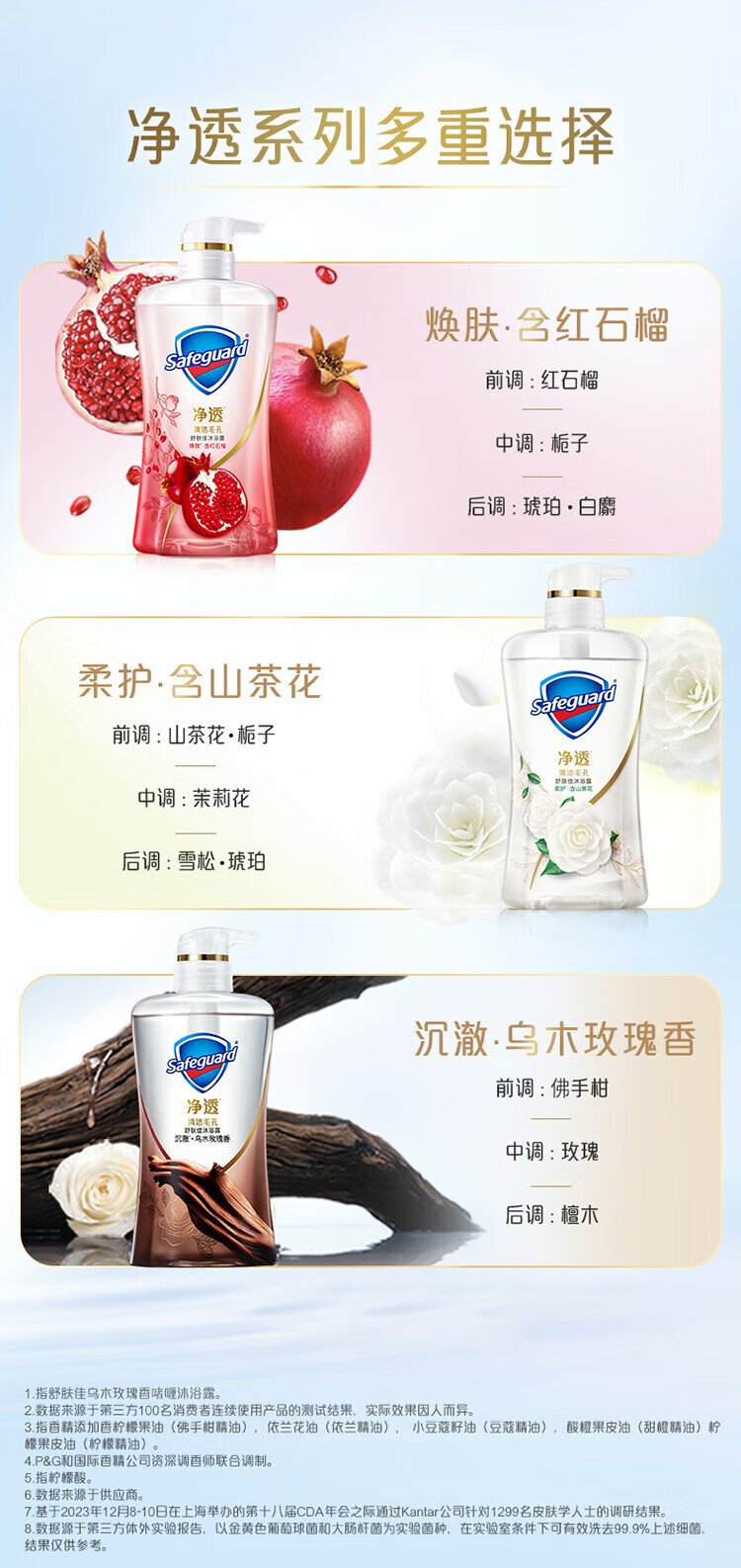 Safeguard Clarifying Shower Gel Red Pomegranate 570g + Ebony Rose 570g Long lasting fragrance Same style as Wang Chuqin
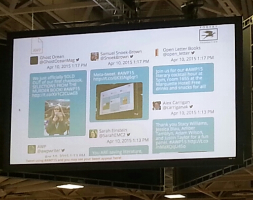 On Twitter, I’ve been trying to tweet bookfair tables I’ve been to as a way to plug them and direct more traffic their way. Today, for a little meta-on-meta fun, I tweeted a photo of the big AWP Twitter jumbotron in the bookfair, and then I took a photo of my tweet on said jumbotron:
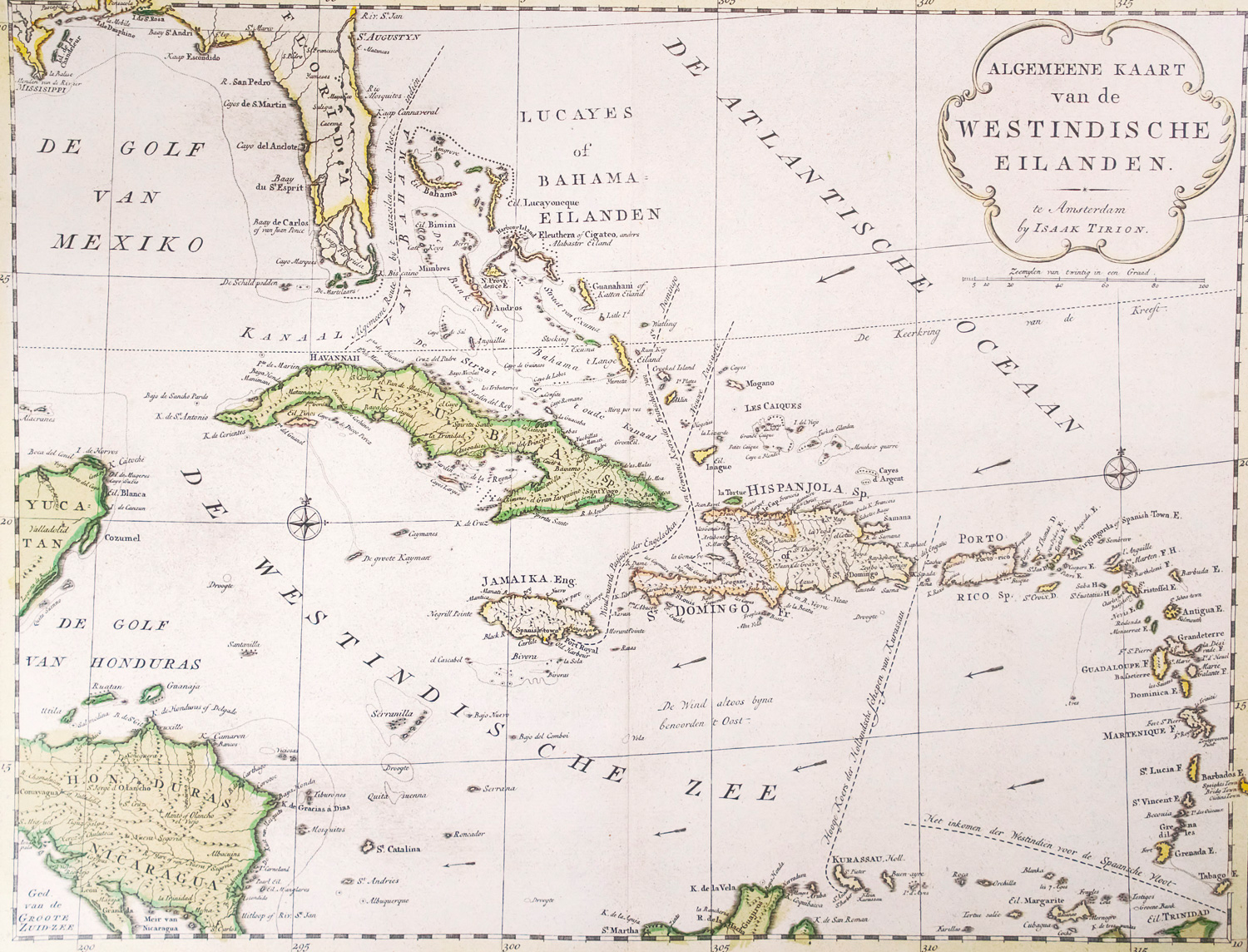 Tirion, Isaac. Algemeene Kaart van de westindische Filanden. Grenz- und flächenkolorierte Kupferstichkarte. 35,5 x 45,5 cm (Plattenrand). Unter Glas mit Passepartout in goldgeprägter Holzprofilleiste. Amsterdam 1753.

** What the task asks **
Since the listing holds pictures, return everything else in it exactly and omit those.

** Finished task **
 Safeguard Clarifying Shower Gel Red Pomegranate 570g + Ebony Rose 570g Long lasting fragrance Same style as Wang Chuqin
 On Twitter, I’ve been trying to tweet bookfair tables I’ve been to as a way to plug them and direct more traffic their way. Today, for a little meta-on-meta fun, I tweeted a photo of the big AWP Twitter jumbotron in the bookfair, and then I took a photo of my tweet on said jumbotron:
 Tirion, Isaac. Algemeene Kaart van de westindische Filanden. Grenz- und flächenkolorierte Kupferstichkarte. 35,5 x 45,5 cm (Plattenrand). Unter Glas mit Passepartout in goldgeprägter Holzprofilleiste. Amsterdam 1753.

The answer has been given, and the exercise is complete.